◆ YOUR INSTRUCTIONS ◆
Among the entries below, only the lines from the one with "Craig & Rose는" through the one with "注)セミアニリン仕上げ:鞣し" are to be retyped, exactly and without pictures.

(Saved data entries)
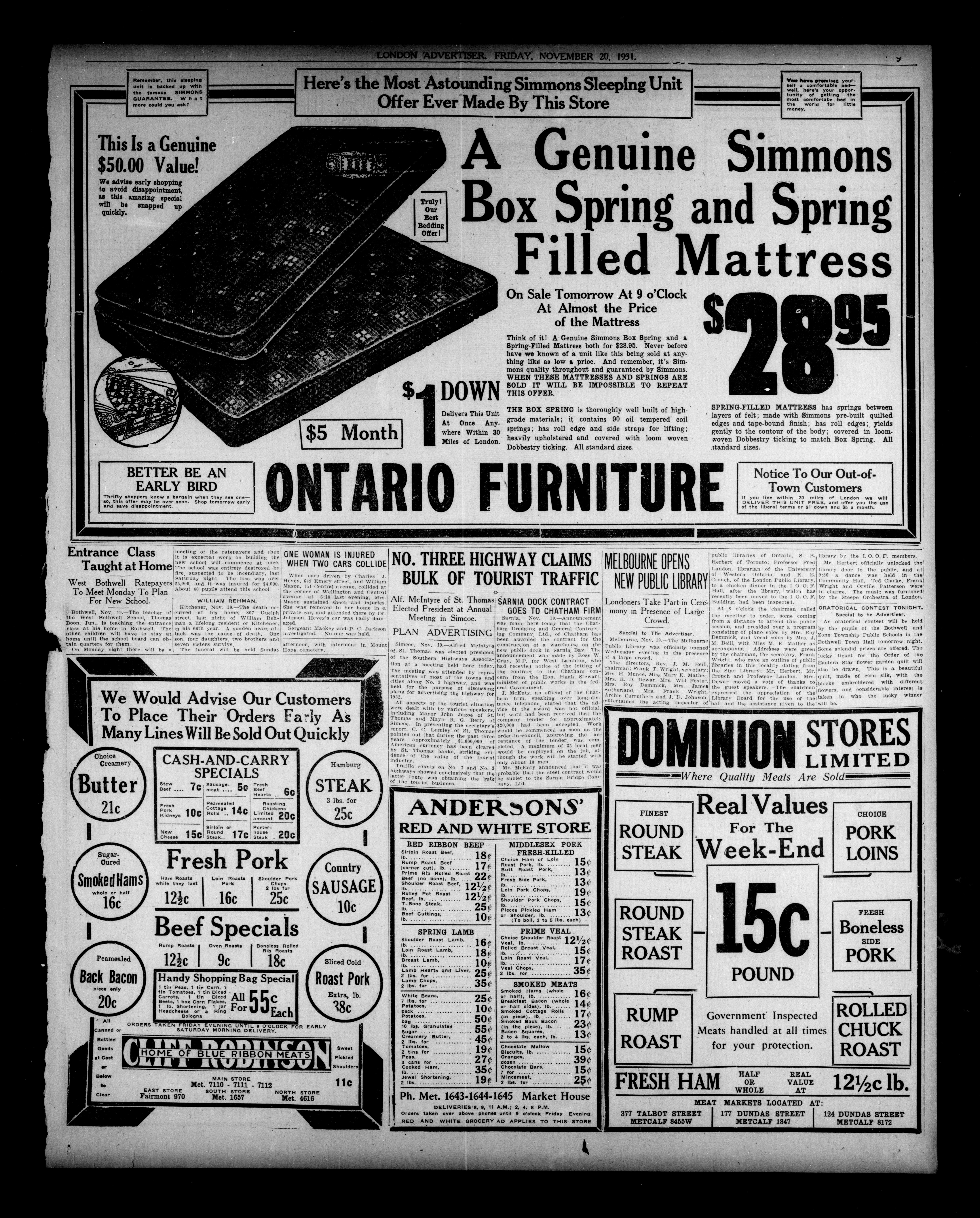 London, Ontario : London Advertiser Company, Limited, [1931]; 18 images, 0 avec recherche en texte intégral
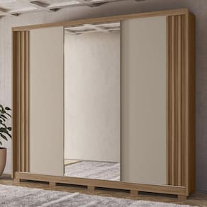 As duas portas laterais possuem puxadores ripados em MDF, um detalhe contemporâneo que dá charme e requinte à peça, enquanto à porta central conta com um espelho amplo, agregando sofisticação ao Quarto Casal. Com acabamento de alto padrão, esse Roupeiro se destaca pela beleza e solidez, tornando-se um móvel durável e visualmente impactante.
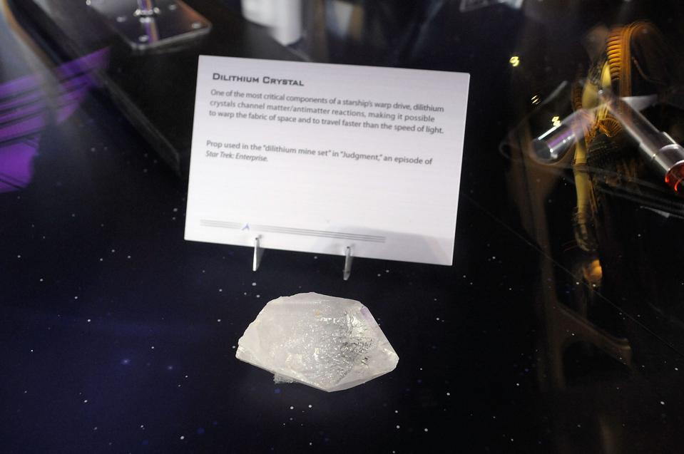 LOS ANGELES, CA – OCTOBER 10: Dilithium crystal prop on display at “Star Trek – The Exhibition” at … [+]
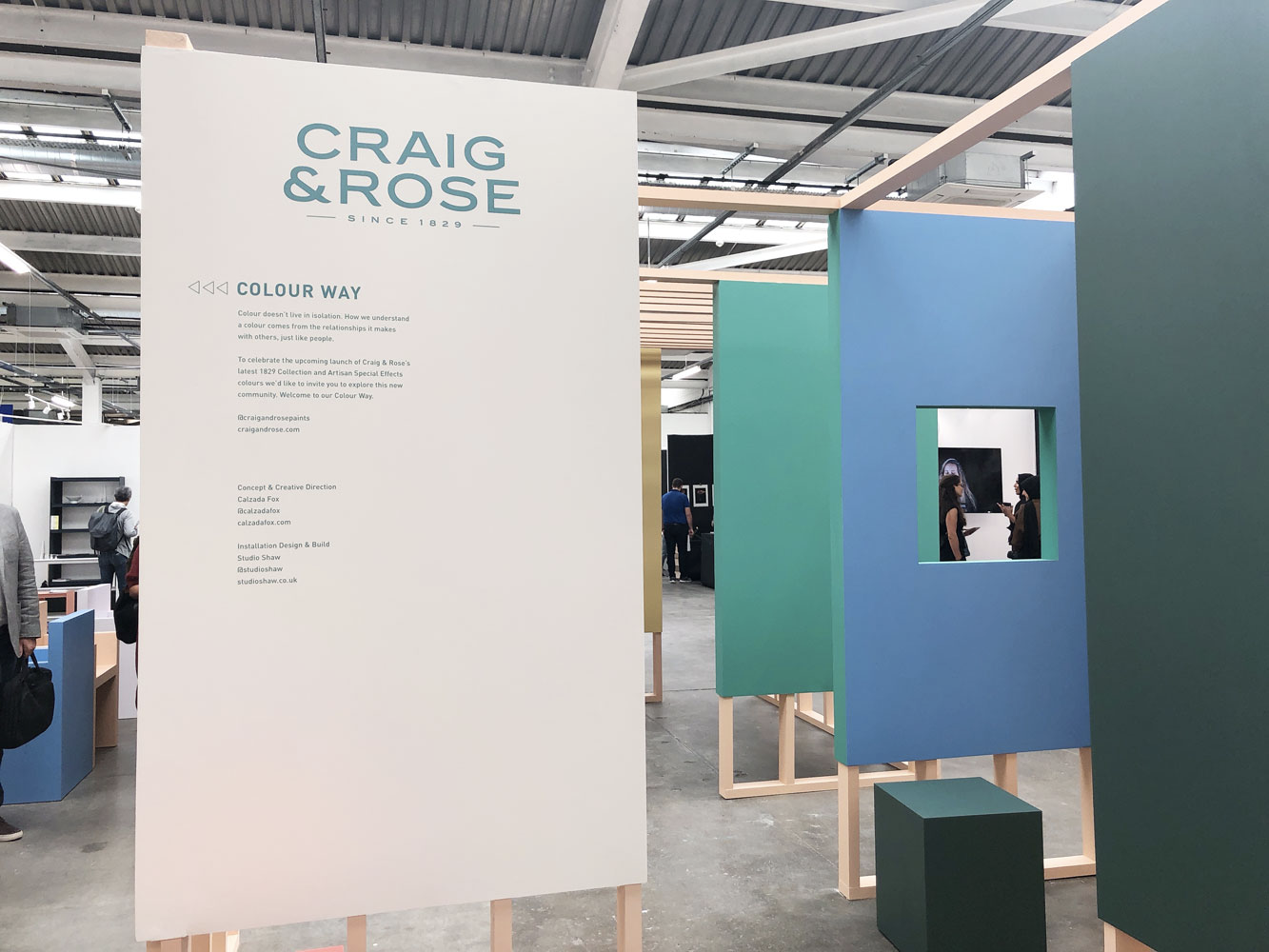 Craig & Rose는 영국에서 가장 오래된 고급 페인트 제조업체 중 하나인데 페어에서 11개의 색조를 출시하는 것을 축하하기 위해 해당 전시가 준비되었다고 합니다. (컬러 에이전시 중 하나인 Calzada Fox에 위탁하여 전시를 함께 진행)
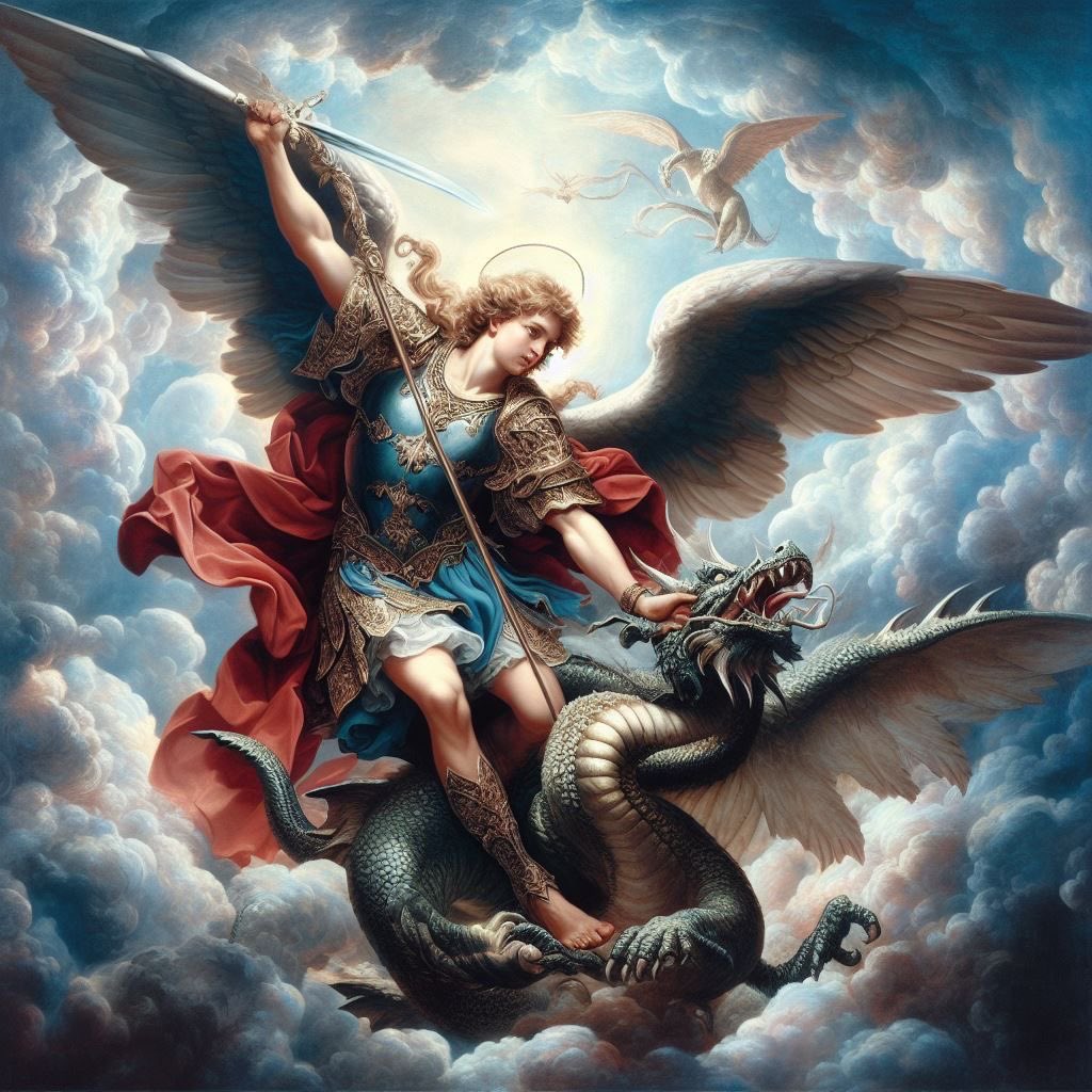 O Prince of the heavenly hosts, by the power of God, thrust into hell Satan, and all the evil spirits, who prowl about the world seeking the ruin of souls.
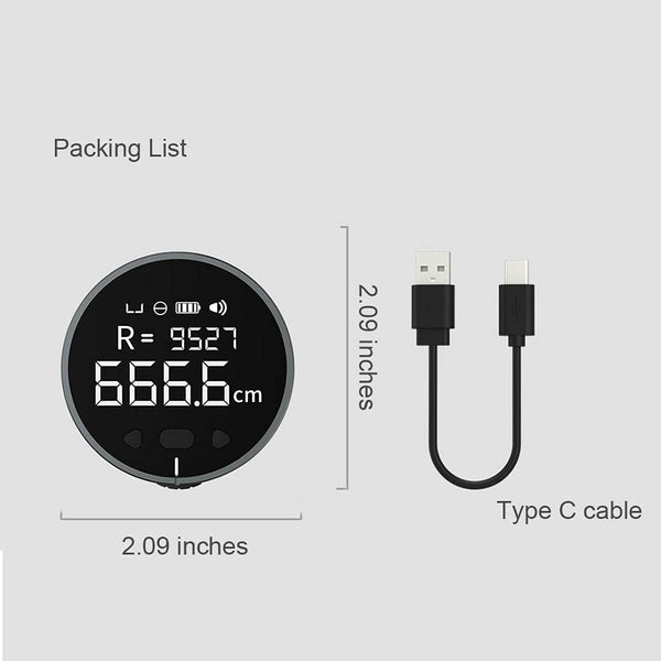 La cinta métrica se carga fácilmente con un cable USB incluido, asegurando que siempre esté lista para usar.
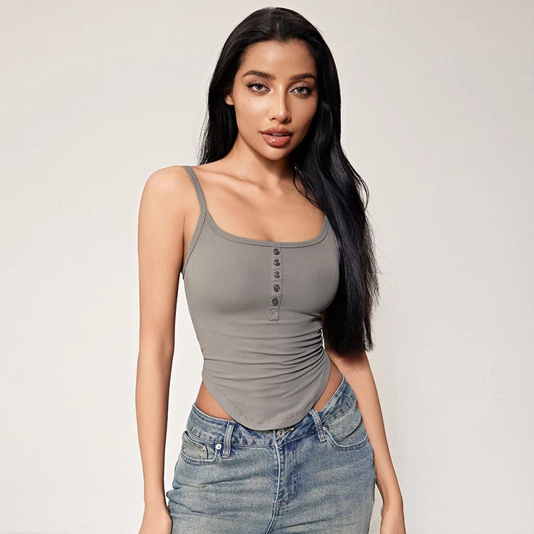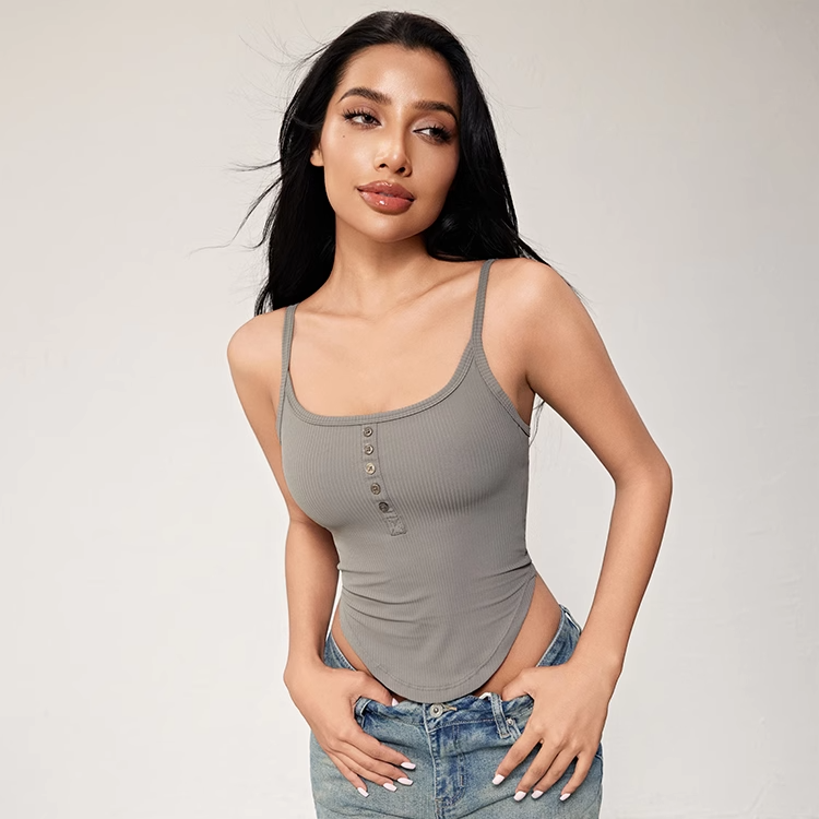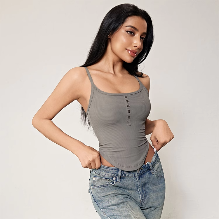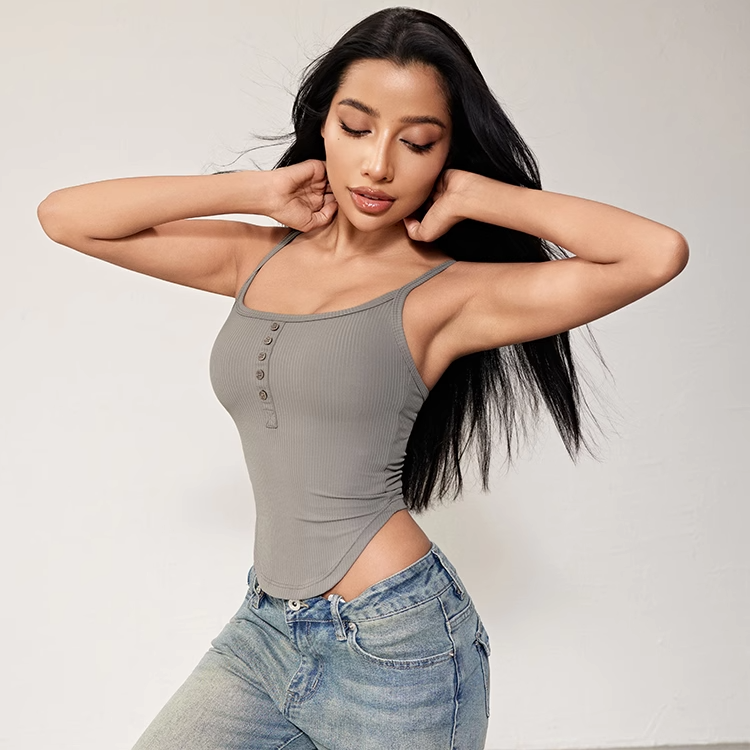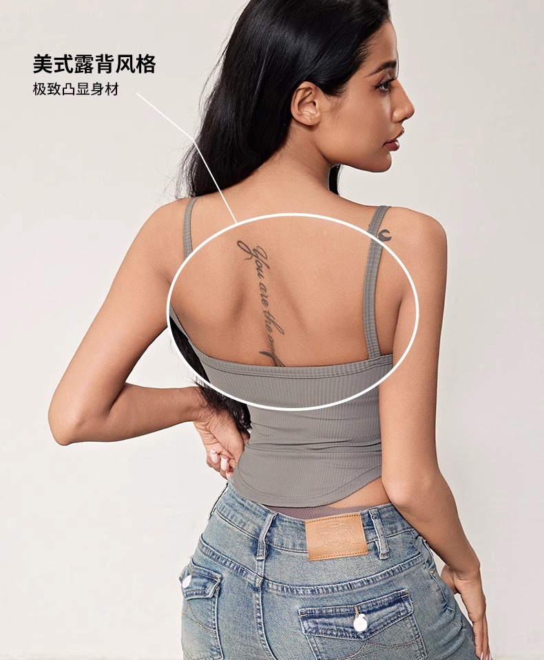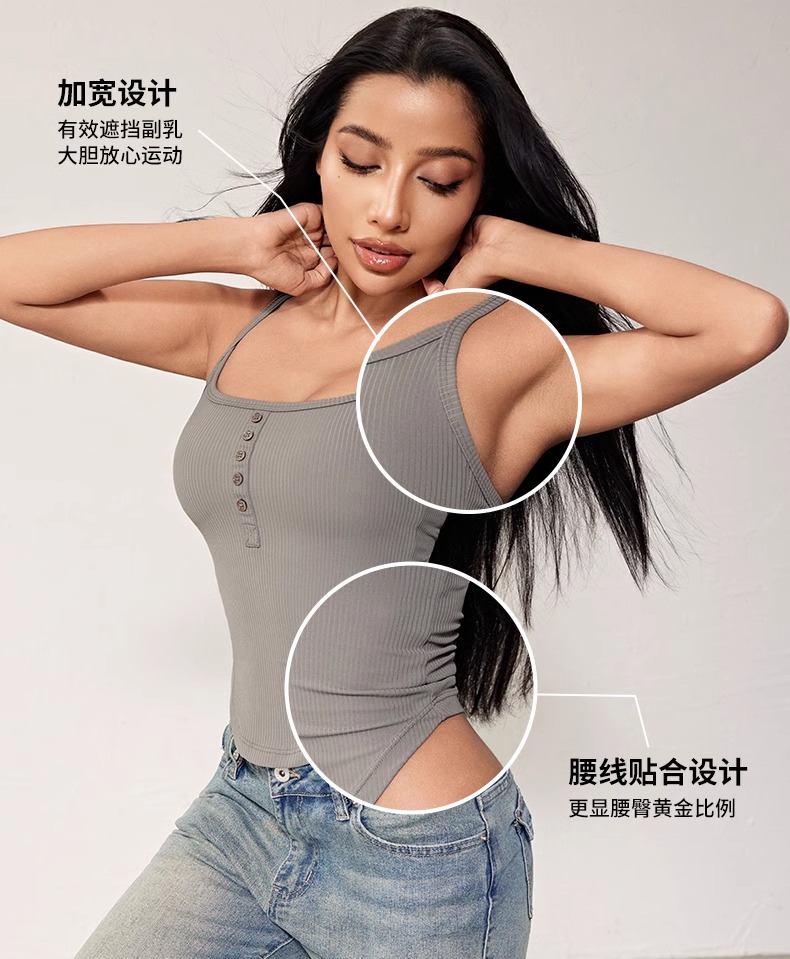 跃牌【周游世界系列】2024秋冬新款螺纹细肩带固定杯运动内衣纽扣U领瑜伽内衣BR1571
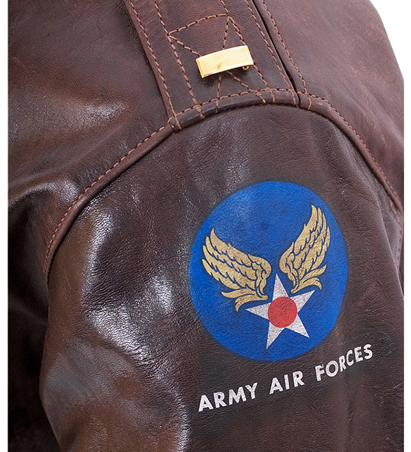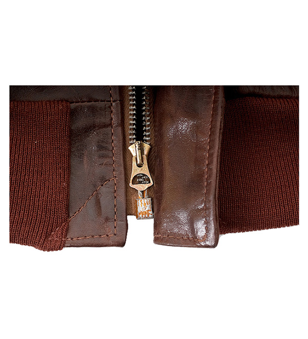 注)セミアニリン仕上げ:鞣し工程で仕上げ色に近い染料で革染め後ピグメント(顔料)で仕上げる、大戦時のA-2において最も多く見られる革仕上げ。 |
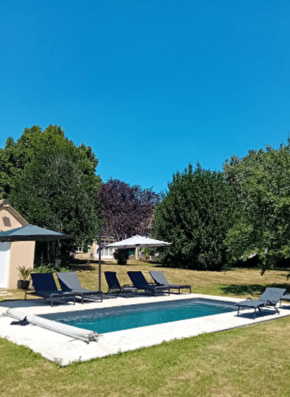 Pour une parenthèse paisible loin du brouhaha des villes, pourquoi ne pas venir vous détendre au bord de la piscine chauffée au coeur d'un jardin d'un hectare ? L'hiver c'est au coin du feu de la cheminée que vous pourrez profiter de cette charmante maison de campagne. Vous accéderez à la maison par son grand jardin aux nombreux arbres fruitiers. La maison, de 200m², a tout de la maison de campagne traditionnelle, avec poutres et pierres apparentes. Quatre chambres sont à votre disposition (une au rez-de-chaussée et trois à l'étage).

◆ RESULT OF THIS EXERCISE ◆
 Craig & Rose는 영국에서 가장 오래된 고급 페인트 제조업체 중 하나인데 페어에서 11개의 색조를 출시하는 것을 축하하기 위해 해당 전시가 준비되었다고 합니다. (컬러 에이전시 중 하나인 Calzada Fox에 위탁하여 전시를 함께 진행)
 O Prince of the heavenly hosts, by the power of God, thrust into hell Satan, and all the evil spirits, who prowl about the world seeking the ruin of souls.
 La cinta métrica se carga fácilmente con un cable USB incluido, asegurando que siempre esté lista para usar.
 跃牌【周游世界系列】2024秋冬新款螺纹细肩带固定杯运动内衣纽扣U领瑜伽内衣BR1571
 注)セミアニリン仕上げ:鞣し工程で仕上げ色に近い染料で革染め後ピグメント(顔料)で仕上げる、大戦時のA-2において最も多く見られる革仕上げ。 |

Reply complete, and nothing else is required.